Data supplied:

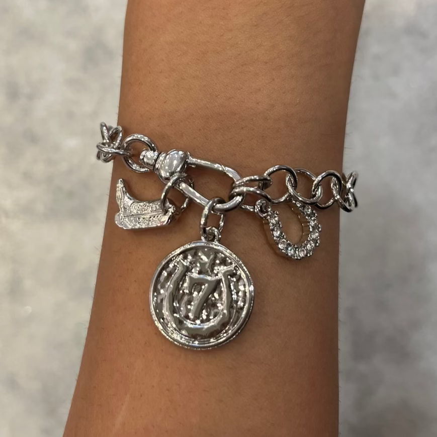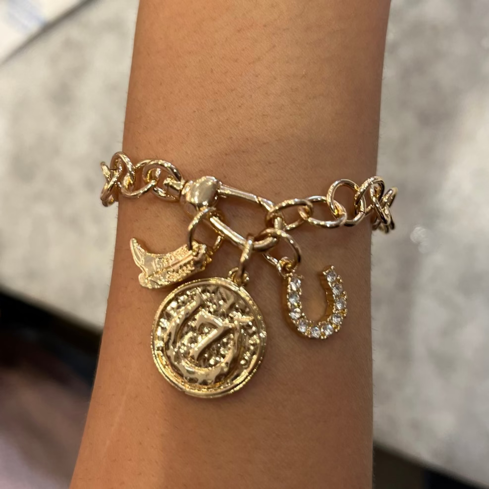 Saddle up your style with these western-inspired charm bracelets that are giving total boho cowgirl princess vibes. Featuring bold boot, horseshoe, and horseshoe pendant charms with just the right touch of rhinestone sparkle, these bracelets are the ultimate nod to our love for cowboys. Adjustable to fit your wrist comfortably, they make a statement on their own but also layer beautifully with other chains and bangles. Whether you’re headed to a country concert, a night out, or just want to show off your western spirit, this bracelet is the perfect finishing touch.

--

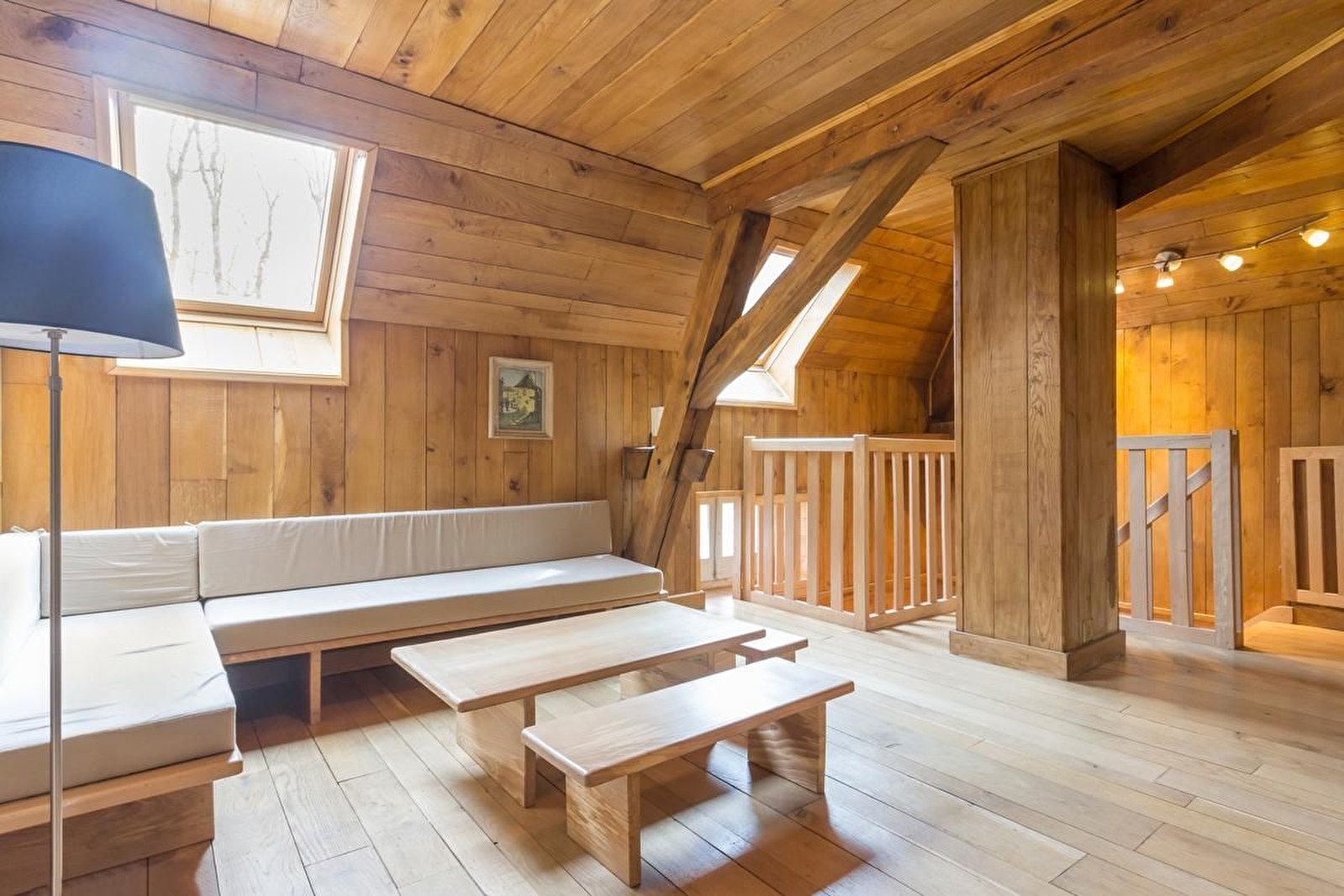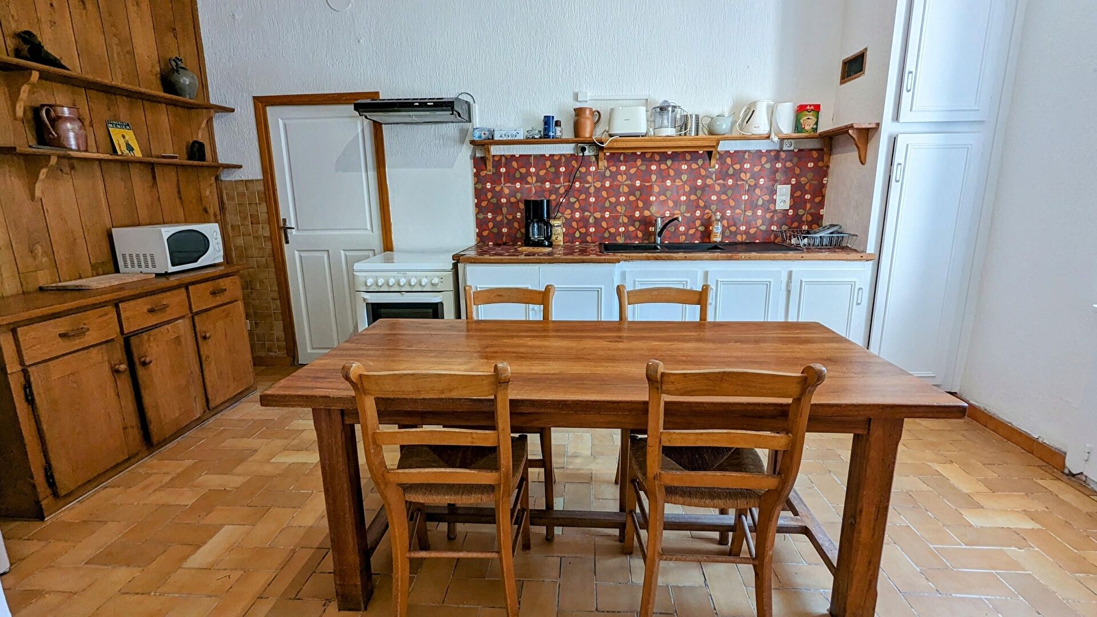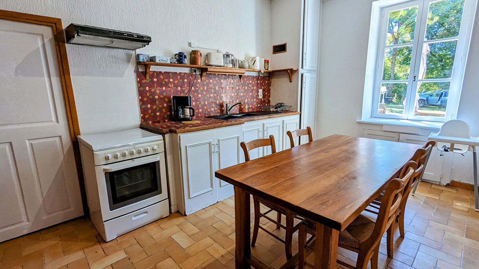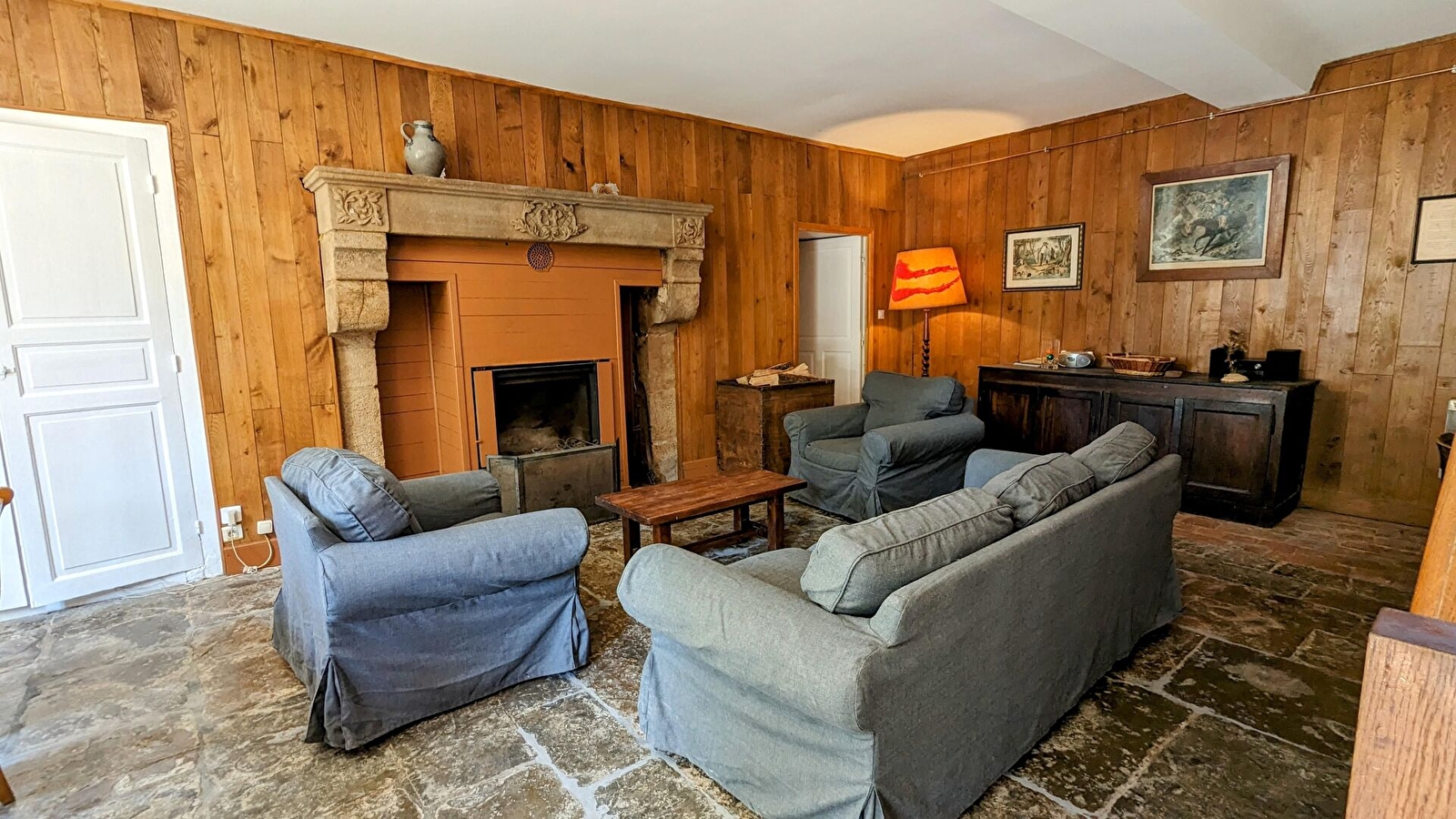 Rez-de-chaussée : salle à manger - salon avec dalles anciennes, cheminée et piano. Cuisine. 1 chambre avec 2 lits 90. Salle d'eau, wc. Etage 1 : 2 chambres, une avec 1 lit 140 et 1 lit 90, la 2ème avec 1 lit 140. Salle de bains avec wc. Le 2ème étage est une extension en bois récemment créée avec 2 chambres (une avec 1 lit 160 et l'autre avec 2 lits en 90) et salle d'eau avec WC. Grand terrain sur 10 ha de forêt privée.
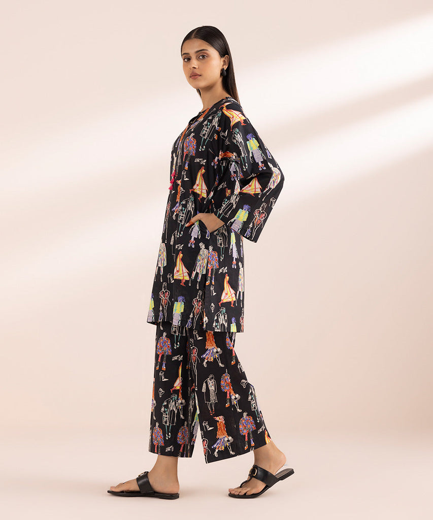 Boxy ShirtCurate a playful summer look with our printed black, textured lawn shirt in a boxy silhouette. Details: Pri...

==

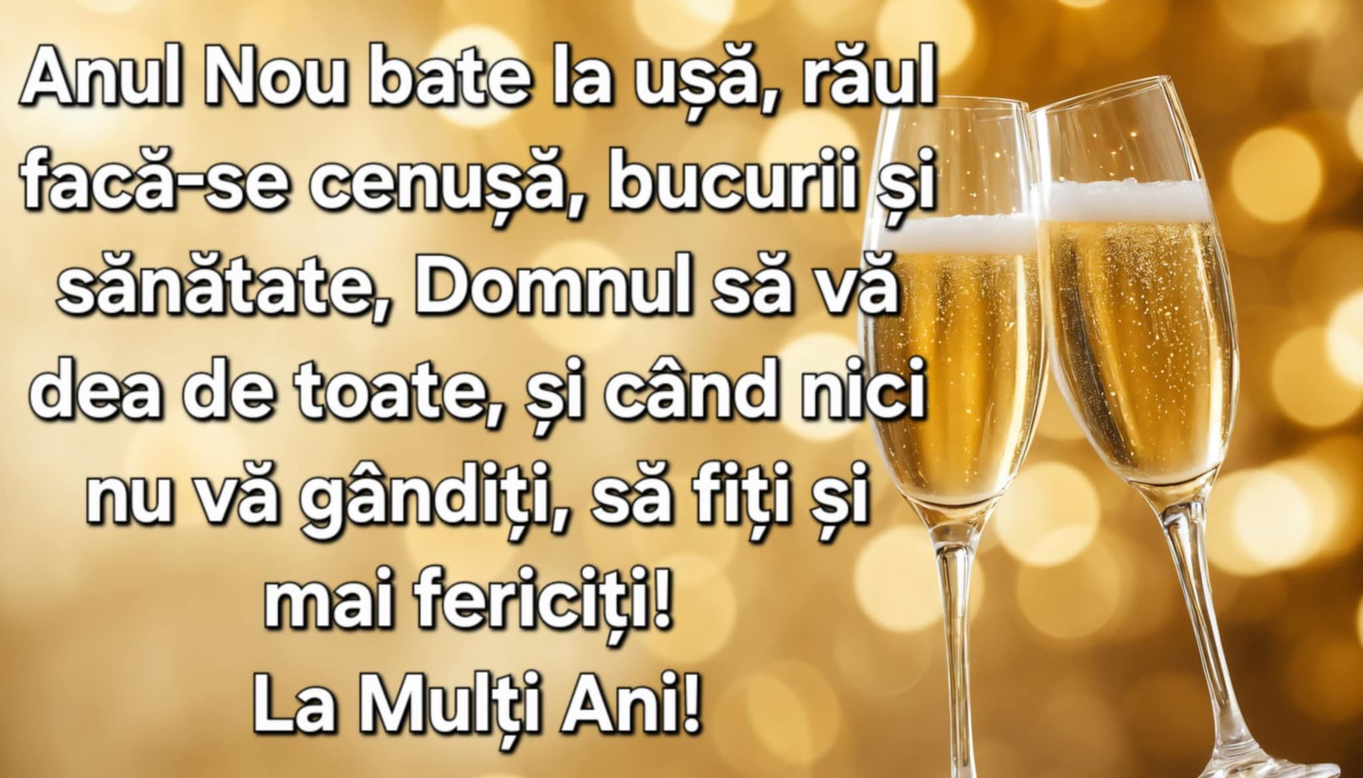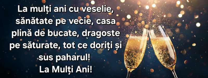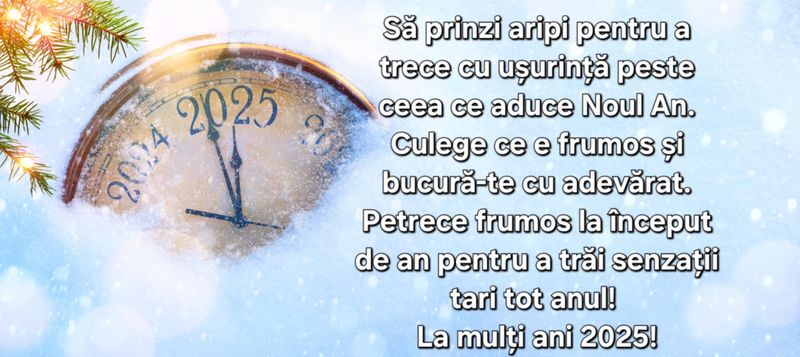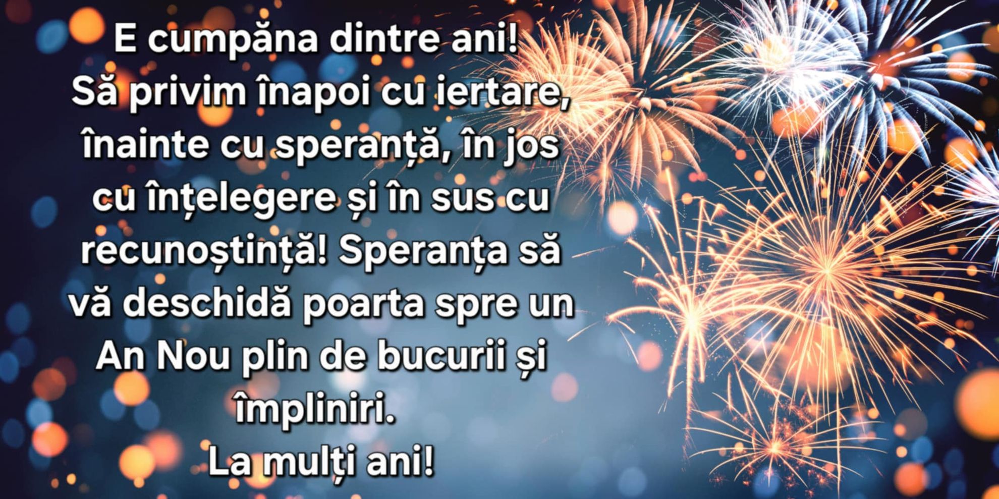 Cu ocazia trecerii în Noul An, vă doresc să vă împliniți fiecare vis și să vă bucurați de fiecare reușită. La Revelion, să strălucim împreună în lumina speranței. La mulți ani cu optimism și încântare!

What you are asked to do:
Everything above from the line with "Rez-de-chaussée : salle" through the line with "Boxy ShirtCurate a" should be retyped exactly, and nothing else; omit pictures.

Exercise response:
 Rez-de-chaussée : salle à manger - salon avec dalles anciennes, cheminée et piano. Cuisine. 1 chambre avec 2 lits 90. Salle d'eau, wc. Etage 1 : 2 chambres, une avec 1 lit 140 et 1 lit 90, la 2ème avec 1 lit 140. Salle de bains avec wc. Le 2ème étage est une extension en bois récemment créée avec 2 chambres (une avec 1 lit 160 et l'autre avec 2 lits en 90) et salle d'eau avec WC. Grand terrain sur 10 ha de forêt privée.
 Boxy ShirtCurate a playful summer look with our printed black, textured lawn shirt in a boxy silhouette. Details: Pri...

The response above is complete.